Bioavailability is defined as the fraction or percentage of an administered dose of a drug that reaches the systemic circulation in its unchanged, active form. It is a vital pharmacokinetic parameter that determines how much and how quickly a drug becomes available in the bloodstream to exert its therapeutic effect. When a drug is administered orally, it undergoes processes such as absorption through the gastrointestinal (GI) tract and metabolism in the liver before entering the systemic circulation. During these steps, part of the drug may be destroyed, metabolized, or excreted, leading to a reduction in the amount that ultimately reaches the blood.

For example, if a patient takes 100 mg of a drug orally, and 30 mg is excreted unchanged, the remaining 70 mg reaches the liver. Out of this, if 30 mg is metabolized during first-pass metabolism, only 50 mg reaches the systemic circulation in an unchanged form. Thus, the bioavailability of this orally administered drug is 50%. In contrast, drugs given by the intravenous (IV) route are delivered directly into the bloodstream, bypassing absorption barriers and first-pass metabolism, thereby achieving 100% bioavailability.

Several factors influence bioavailability, which can be broadly classified into drug-related and patient-related factors. These can be easily remembered using the mnemonic SIMPLE PATIENT.

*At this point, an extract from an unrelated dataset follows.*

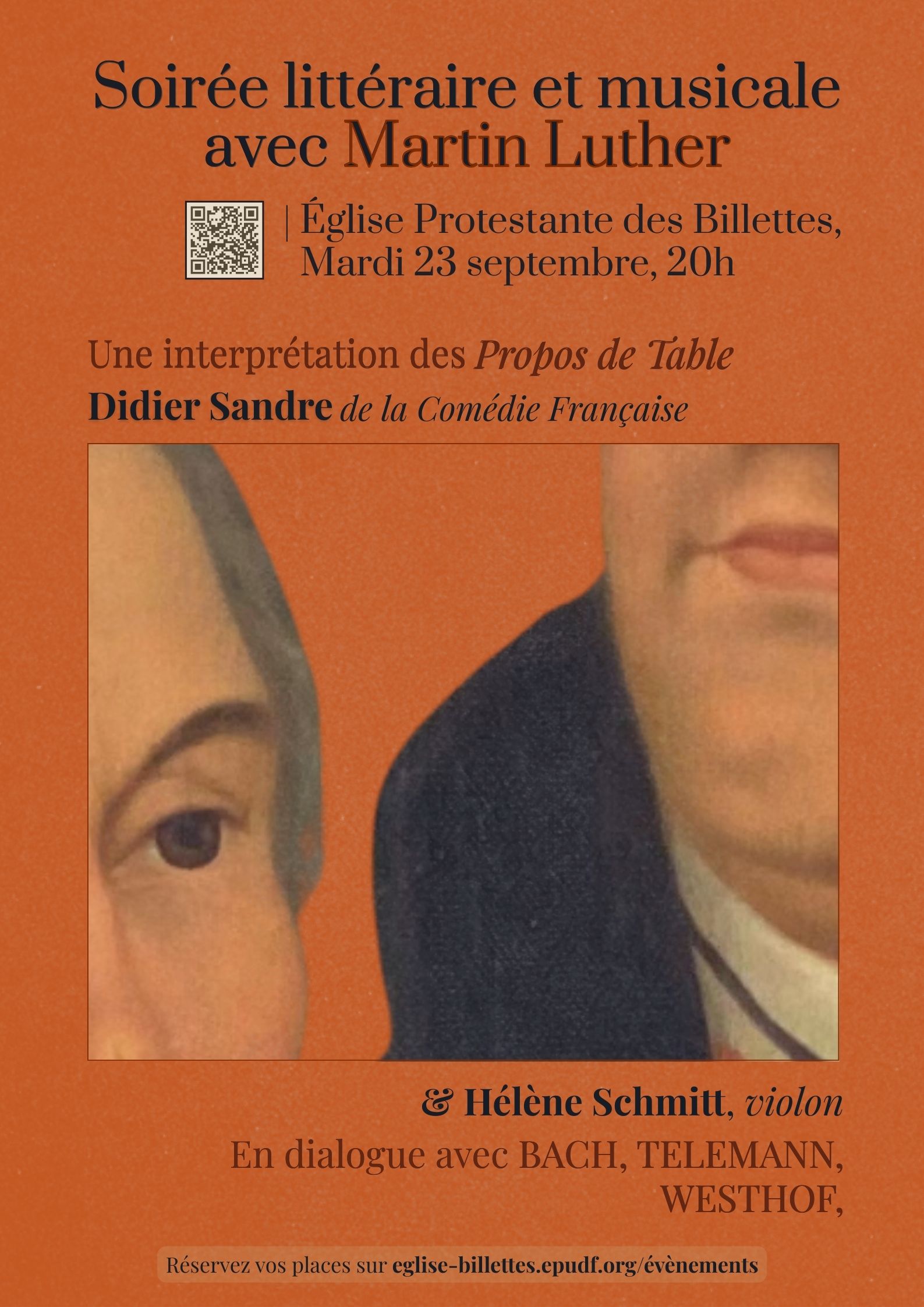 Un proposition rare avec des artistes d’exception : Didier Sandre (sociétaire de la Comédie-Française) donnera voix aux Propos de Table et aux lettres intimes de Luther – des textes profonds, caustiques et lumineux. La violoniste baroque Hélène Schmitt dialoguera en musique à travers des œuvres de Bach, Telemann, Westhoff et autres contemporains.

Drug-related factors (SIMPLE):

S – Solubility: Poorly soluble drugs have reduced absorption and hence low bioavailability.

I – Ionization: Only the unionized (lipid-soluble) form of a drug crosses cell membranes efficiently.

M – Metabolism (First-pass): Extensive hepatic metabolism decreases the amount of unchanged drug reaching the blood.

P – Physicochemical/pH stability: Drugs unstable in acidic pH, such as penicillin G, are degraded in the stomach.

L – Lipid solubility: Highly lipid-soluble drugs cross biological membranes easily, improving bioavailability.

E – Excipients/Formulation factors: Tablet design, coatings, and disintegration rate affect drug release and absorption.


Patient-related factors (PATIENT):

P – Presence of food: Food may enhance or reduce absorption; for example, griseofulvin absorption increases with fatty meals, while tetracycline absorption decreases with milk.

A – Age and genetic factors: These influence metabolic enzyme activity and drug processing.

T – Time of gastric emptying: Delayed emptying or rapid intestinal transit reduces absorption time.

I – Intestinal health: Conditions like diarrhea or malabsorption decrease absorption.

E – Enzyme activity and liver function: Liver diseases or enzyme inhibition can alter drug metabolism.

N – Nature of gastrointestinal pH: Affects the ionization and stability of the drug.

T – Total first-pass metabolism: The higher the first-pass effect, the lower the bioavailability.


In summary, bioavailability reflects how efficiently a drug reaches the systemic circulation and is influenced by both drug properties and patient factors. Drugs with high bioavailability produce effective therapeutic actions at lower doses, whereas drugs with low bioavailability may require higher doses or alternative routes of administration. A clear understanding of these factors helps clinicians optimize dosage regimens, enhance therapeutic outcomes, and ensure consistent patient responses.